**Input data:**
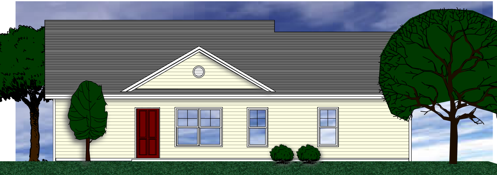
REAR ELEVATION SCALE: 1/8" = 1'-0"

Benjamin Gecy Office (843) 524-2404 Mobile (843) 441-2482
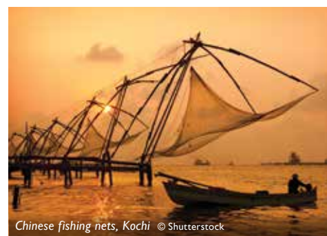
Chinese fishing nets, Kochi
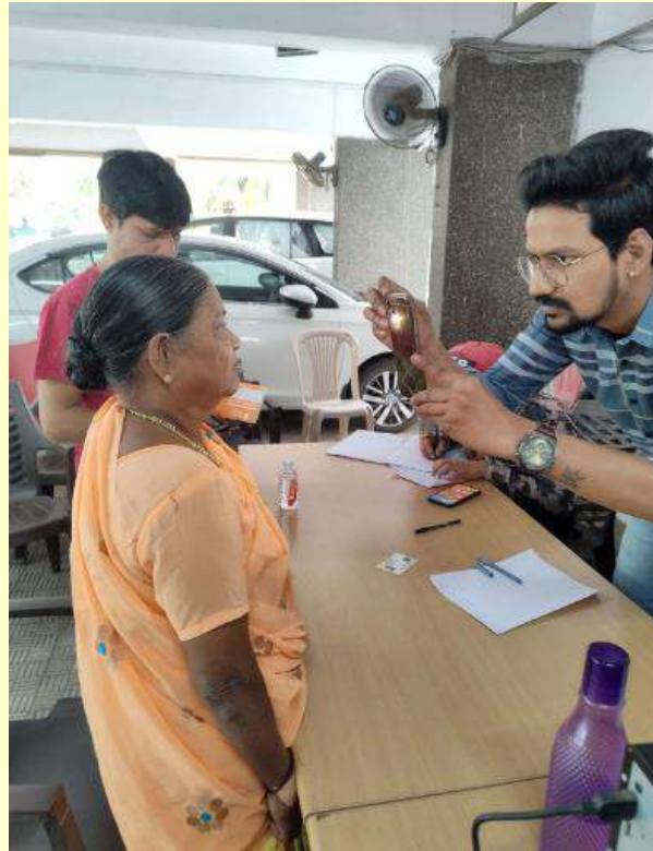
DLC Submission through Face Authentication Technology

The pensioner expressed her gratitude and appreciated the efforts of the EPFO officials for their assistance.
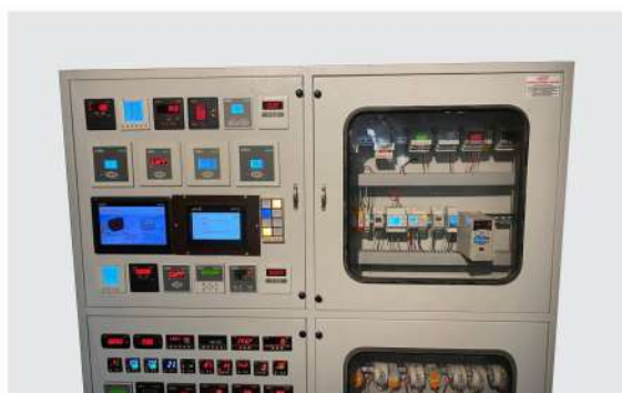
Selec Control Panel
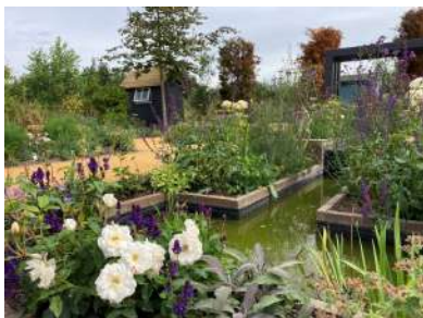
The Apothecary Garden

Our six-acre award-winning site, once a neglected allotment, is now a thriving sanctuary with sensory and apothecary gardens, wildflower meadows, vegetable plots, ponds, orchards, woodland areas, and quiet places for reflection.
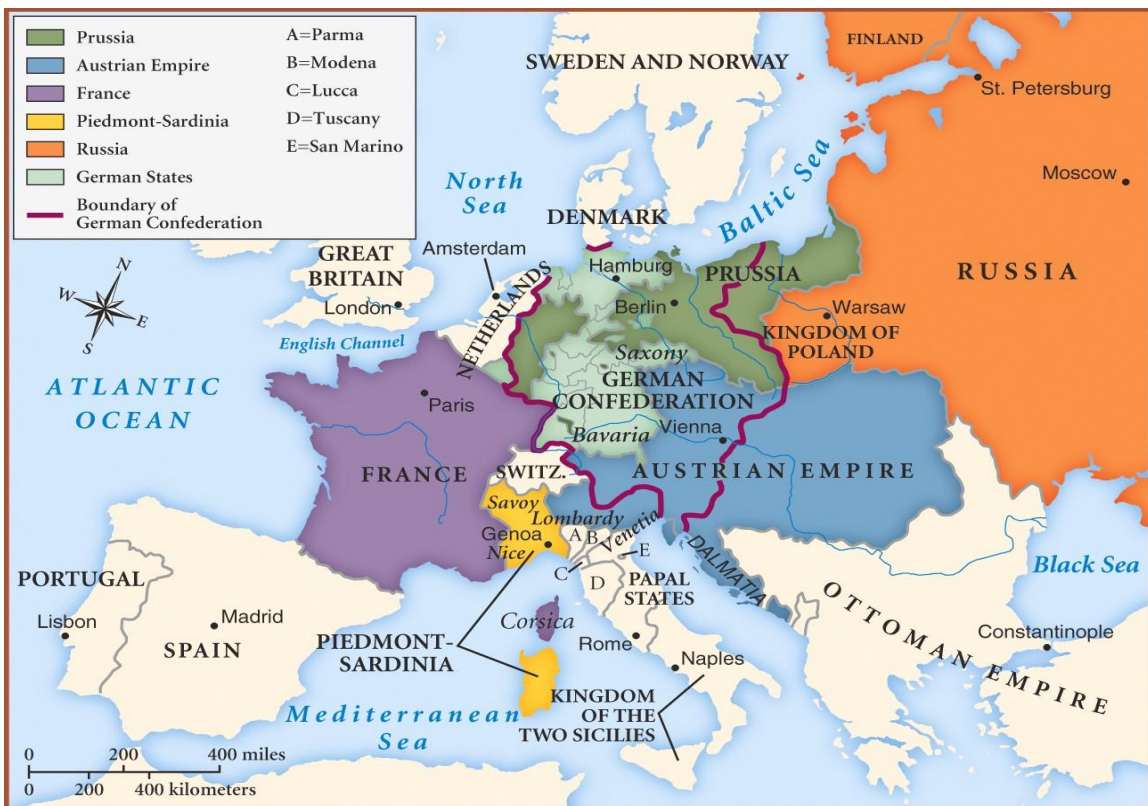
Figure 2: The map of Europe that was agreed at the Congress of Vienna in 1815, and remained the political map with slight modification until 1848.

This speech demonstrates that Frederick William was not willing to budge on any constitutional possibility Prussia may have in the future. Frederick William also dictated to the United Diet that they should resist all forms of liberalism because they represented the different estates of the kingdom, the aristocracy, the bourgeoisie, and the peasantry, not to people as a whole; and to give into liberal ideas was un-Germanic. 25 This is the point at which the liberals identified that Frederick William had no intention of any constitutional compromise, where any form of progress would have to be accomplished without the help of the king. Frederick William's opposition marks a point when real opposition to the king and his government started to solidify. The liberals just needed a way to funnel societal unrest toward the monarchy—this outlet was not difficult to discover.

**Work request:**
From the records above, output only the lines starting at the one containing "Benjamin Gecy Office" and ending at the one containing "Our six-acre award-winning", word for word. Pictures stay out.

**Response to the exercise:**
Benjamin Gecy Office (843) 524-2404 Mobile (843) 441-2482
Chinese fishing nets, Kochi
DLC Submission through Face Authentication Technology

The pensioner expressed her gratitude and appreciated the efforts of the EPFO officials for their assistance.
Selec Control Panel
The Apothecary Garden

Our six-acre award-winning site, once a neglected allotment, is now a thriving sanctuary with sensory and apothecary gardens, wildflower meadows, vegetable plots, ponds, orchards, woodland areas, and quiet places for reflection.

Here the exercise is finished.